# What are you?  (not a quiz)



## Aikikitty (Sep 23, 2003)

We sure have a lot of members on this forum from all over the world and from all different backgrounds.   

What's in your blood? -vampfeed- 

I'm mostly English :knight: , Scottish :enguard: , and I'm also either 1/4th or 1/8th Norweigan :viking3: (can't remember which). 

Robyn :asian:


----------



## Cryozombie (Sep 23, 2003)

AMERICAN.


----------



## clapping_tiger (Sep 23, 2003)

> AMERICAN.



Yep me too, with a German and Danish background.


----------



## OULobo (Sep 23, 2003)

Good old fashioned American mutt. Mostly Croatian/Slovak/Northern Italian, the rest is Swedish, French, Irish and Dutch.


----------



## Elfan (Sep 23, 2003)

German and English with with just a hint of Scotish.


----------



## Randy Strausbaugh (Sep 23, 2003)

German and Scotch-Irish


----------



## KenpoTess (Sep 23, 2003)

Well I am totally American .. though my heritage is Thai dyed Scot.. Half and half


----------



## satans.barber (Sep 23, 2003)

100% British Beef  

Ian.


----------



## RanaHarmamelda (Sep 23, 2003)

German, French, English, Scots-Irish, and American Indian.

All-in-all, American.


----------



## Bob Hubbard (Sep 23, 2003)

English, Polish, some other bits I cant recall.....


----------



## KanoLives (Sep 23, 2003)

Greek/Italian.


----------



## TheRustyOne (Sep 23, 2003)

American...


but primarily Swedish, a lil german, a lil sampling from all of the UK, and I have Gyspy in there somewhere.


----------



## Ceicei (Sep 23, 2003)

I'm an American who is 3/4 Swedish and 1/4 English.


----------



## Cruentus (Sep 23, 2003)

A large part of my family is "missing." I know I am mostly immigrant blood for no more then 2 generations. I know I have more Irish in me than any other %. I also know I have Polish, Lithuanian, and Slovik in me.
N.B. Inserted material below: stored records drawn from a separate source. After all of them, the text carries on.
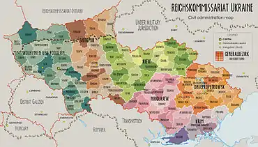 The Ukrainische Hilfspolizei or the Ukrainian Auxiliary Police (Ukrainian: Українська допоміжна поліція, Ukrains'ka dopomizhna politsiia) was the official title of the local police formation set up by Nazi Germany during World War II in Reichskommissariat Ukraine, shortly after the German conquest of the Ukrainian Soviet Socialist Republic in Operation Barbarossa against the Soviet Union, Germany's former co-belligerent in the invasion of Poland.[1]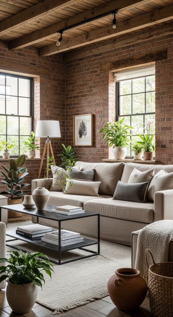 A cozy living room with natural elements, blending industrial and farmhouse design.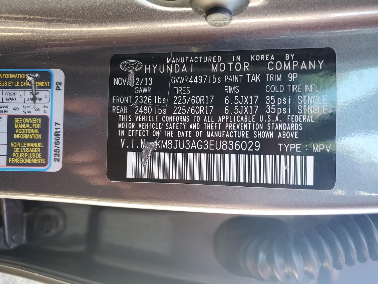 - ВИН: KM8JU3AG3EU******

We can use our imagination to fill in the rest.


----------



## rachel (Sep 23, 2003)

Irish/Italian/English/Native American Indian


----------



## Chronuss (Sep 23, 2003)

German...Italian...and English.


----------



## Fightfan00 (Sep 23, 2003)

American but also i'm half Polish and half Canadian french


----------



## Blindside (Sep 23, 2003)

Half Japanese and half northern European Jew.

I'm a mutt and an American.


----------



## Kroy (Sep 23, 2003)

Canadian with a mix of Scottish and French


----------



## MartialArtsChic (Nov 9, 2003)

1/2 Hungarian, 1/2 Slovak (Czech), born here.


----------



## TheEdge883 (Nov 9, 2003)

Parents tell me they found me under a rock. Boy, I hope that was a volcanic rock. 

I'd be vulcan.


----------



## ABN (Nov 9, 2003)

A citizen of the United States whose ancestors were evicted from Ireland, Greece, Scotland, and Austria.


----------



## pknox (Nov 9, 2003)

Mostly Scotch-Irish, Italian, and Norwegian, with a smattering of a whole bunch of other stuff, including Cherokee.


----------



## Seig (Nov 9, 2003)

American,
My Great GrandParents were evicted from Russia when the Bolsheviks took power.  So my heritage is White Russian Jews


----------



## Shodan (Nov 9, 2003)

American:

  With a lot of German, and then some Native American indian (Cherokee and Osage), Irish and Scottish.

  :asian:  :karate:


----------



## theletch1 (Nov 9, 2003)

American.  And so is the familyl on my moms side... the were Apache.  Dad's side is Scottish.  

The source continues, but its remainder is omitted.